▶ **Problem description**
The full text of the records below, minus any pictures, should be given back word for word.
------ Exercise inputs ------
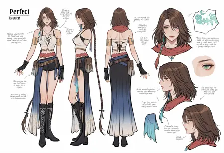 衣装2: メッシュ編み、長い髪、非常に長い髪、ショートパンツ、ブーツ、黒いショートパンツ、ジュエリー、中くらいの胸、胸、膝上ブーツ、ネックレス、スカート、腹部露出、長いスカート、短いショートパンツ、ベルト、腕輪、手袋、腕輪、クロスラッセシューティング、裸の肩、指なし手袋、スカーフ、イヤリング
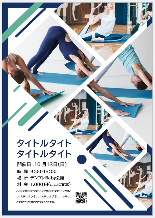ヨガ教室、体験、スポーツ、習い事、A3ポスター&チラシ、WordWordの印刷物・チラシ無料テンプレートなら「テンプレBaby」。
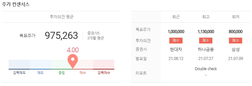 삼성SDI 2분기 실적, 3분기 예상 실적 등을 바탕으로 하여 상승 분위기를 이어갈 것이라고 판단하고 있습니다. 전기차 시장 성장 속도가 예상을 뛰어넘어 하반기에도 실적은 계속 이어질 것으로 예상해 목표주가를 기존 90만원에서 100만원으로 상향조정했습니다. 투자의견은 ‘매수’ 유지입니다.
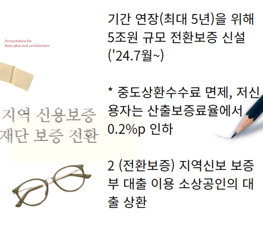 ✅ 보증 전환 상품 지원: 지역 신용보증재단에서 제공하는 기존 보증서 대출을 신규 보증서 대출로 전환할 수 있도록 지원합니다. 이 과정에서 상환 기간이 연장되면 자영업자들이 생존할 수 있는 기간이 길어질 것입니다.
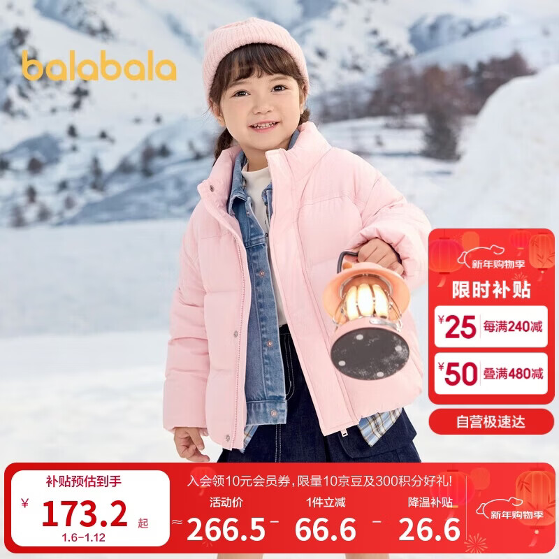 巴拉巴拉儿童羽绒服冬季男女童保暖拼接外套24107213
------
▶ **Result of the exercise**
 衣装2: メッシュ編み、長い髪、非常に長い髪、ショートパンツ、ブーツ、黒いショートパンツ、ジュエリー、中くらいの胸、胸、膝上ブーツ、ネックレス、スカート、腹部露出、長いスカート、短いショートパンツ、ベルト、腕輪、手袋、腕輪、クロスラッセシューティング、裸の肩、指なし手袋、スカーフ、イヤリング
ヨガ教室、体験、スポーツ、習い事、A3ポスター&チラシ、WordWordの印刷物・チラシ無料テンプレートなら「テンプレBaby」。
 삼성SDI 2분기 실적, 3분기 예상 실적 등을 바탕으로 하여 상승 분위기를 이어갈 것이라고 판단하고 있습니다. 전기차 시장 성장 속도가 예상을 뛰어넘어 하반기에도 실적은 계속 이어질 것으로 예상해 목표주가를 기존 90만원에서 100만원으로 상향조정했습니다. 투자의견은 ‘매수’ 유지입니다.
 ✅ 보증 전환 상품 지원: 지역 신용보증재단에서 제공하는 기존 보증서 대출을 신규 보증서 대출로 전환할 수 있도록 지원합니다. 이 과정에서 상환 기간이 연장되면 자영업자들이 생존할 수 있는 기간이 길어질 것입니다.
 巴拉巴拉儿童羽绒服冬季男女童保暖拼接外套24107213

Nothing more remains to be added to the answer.